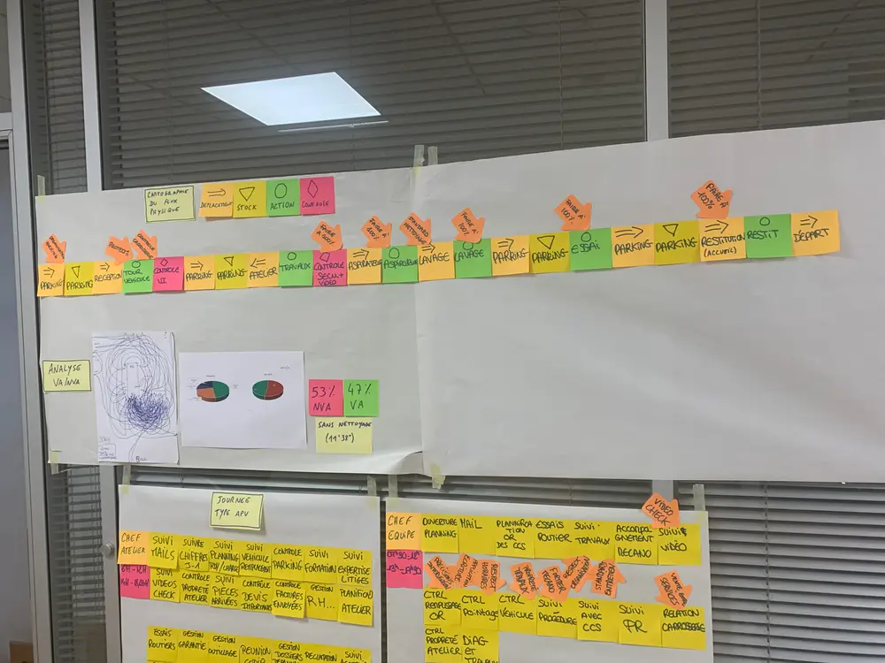 Ensemble, ils ont identifié les principales opportunités d’amélioration comme : la gestion de la production ; augmenter la satisfaction client ; réduire le temps perdu au lavage ; organiser le parking …
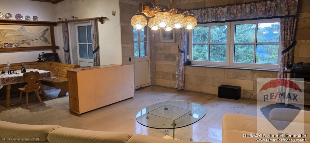 Entdecken Sie dieses vielseitige Wohn- und Geschäftshaus mit einer großzügigen Grundstücksfläche von 1400 m². Mit 195 m² + 81 m² Wohnfläche, 9 Zimmern und einem Balkon bietet es sowohl Wohnkomfort als auch geschäftliche Möglichkeiten.Dieses eindrucksvolle Wohn- und Geschäftshaus vereint Wohnkomfort mit geschäftlichem Potenzial. Auf einer Grundstücksfläche von 1400 m² erstreckt sich eine Wohnfläche von 195 m² und eine Einlieger- Ferienwohnung mit 81 m². Der einladende Eingangsbereich führt Sie in ein geräumiges Wohnzimmer, das durch große Fensterfronten viel Tageslicht bietet. Der angrenzende Essbereich ist ideal für gesellige Abende und bietet Zugang zum Balkon, der einen herrlichen Ausblick ins Grüne gewährt.
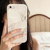 QIODAYI Kompatibel mit iPhone 5/5s/SE Creme-Olmalerei Pink-Silber-Schmetterling Silikon-Hülle
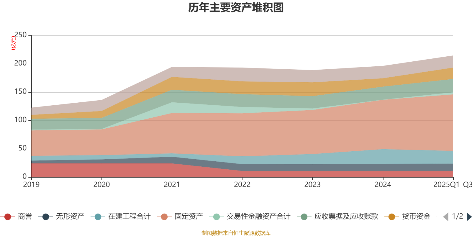资产重大变化方面,截至2025年三季度末,公司在建工程合计较上年末减少13.01%,占公司总资产比重下降2.7个百分点;固定资产较上年末增加14.38%,占公司总资产比重上升2.05个百分点;货币资金较上年末增加35.38%,占公司总资产比重上升1.79个百分点;交易性金融资产合计较上年末增加1393.31%,占公司总资产比重上升1.6个百分点。
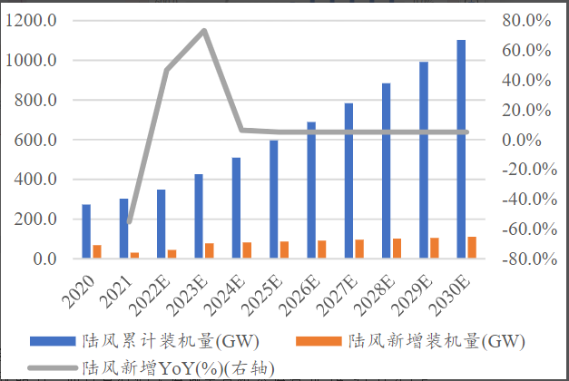陆风是成本最低的清洁能源之一,我们预计未来将稳定增长。陆上风电具有储量大,分布广,低碳清洁等特性,是目前世界成本最低的清洁能源之一。
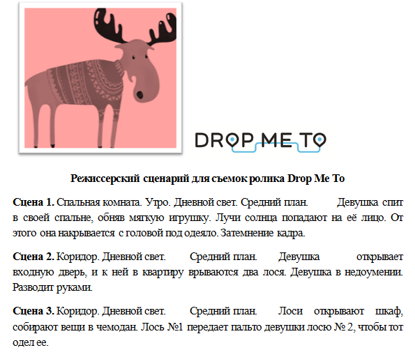 Литературный сценарий рекламного ролика Drop me To
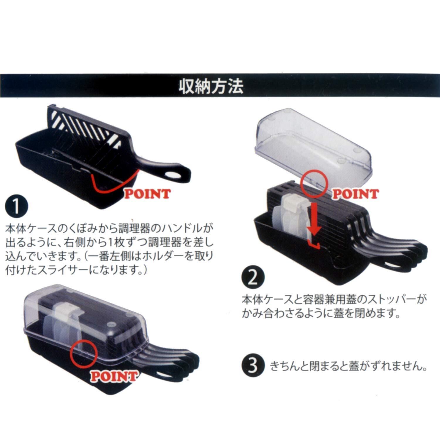 セット内容:おろし器/スライサー/千切り/細千切り/保護ホルダー/収納ケース各1個

#### [The task]
Leaving the pictures behind, return every line above exactly.

#### [Expected answer]
 Ensemble, ils ont identifié les principales opportunités d’amélioration comme : la gestion de la production ; augmenter la satisfaction client ; réduire le temps perdu au lavage ; organiser le parking …
 Entdecken Sie dieses vielseitige Wohn- und Geschäftshaus mit einer großzügigen Grundstücksfläche von 1400 m². Mit 195 m² + 81 m² Wohnfläche, 9 Zimmern und einem Balkon bietet es sowohl Wohnkomfort als auch geschäftliche Möglichkeiten.Dieses eindrucksvolle Wohn- und Geschäftshaus vereint Wohnkomfort mit geschäftlichem Potenzial. Auf einer Grundstücksfläche von 1400 m² erstreckt sich eine Wohnfläche von 195 m² und eine Einlieger- Ferienwohnung mit 81 m². Der einladende Eingangsbereich führt Sie in ein geräumiges Wohnzimmer, das durch große Fensterfronten viel Tageslicht bietet. Der angrenzende Essbereich ist ideal für gesellige Abende und bietet Zugang zum Balkon, der einen herrlichen Ausblick ins Grüne gewährt.
 QIODAYI Kompatibel mit iPhone 5/5s/SE Creme-Olmalerei Pink-Silber-Schmetterling Silikon-Hülle
资产重大变化方面,截至2025年三季度末,公司在建工程合计较上年末减少13.01%,占公司总资产比重下降2.7个百分点;固定资产较上年末增加14.38%,占公司总资产比重上升2.05个百分点;货币资金较上年末增加35.38%,占公司总资产比重上升1.79个百分点;交易性金融资产合计较上年末增加1393.31%,占公司总资产比重上升1.6个百分点。
陆风是成本最低的清洁能源之一,我们预计未来将稳定增长。陆上风电具有储量大,分布广,低碳清洁等特性,是目前世界成本最低的清洁能源之一。
 Литературный сценарий рекламного ролика Drop me To
 セット内容:おろし器/スライサー/千切り/細千切り/保護ホルダー/収納ケース各1個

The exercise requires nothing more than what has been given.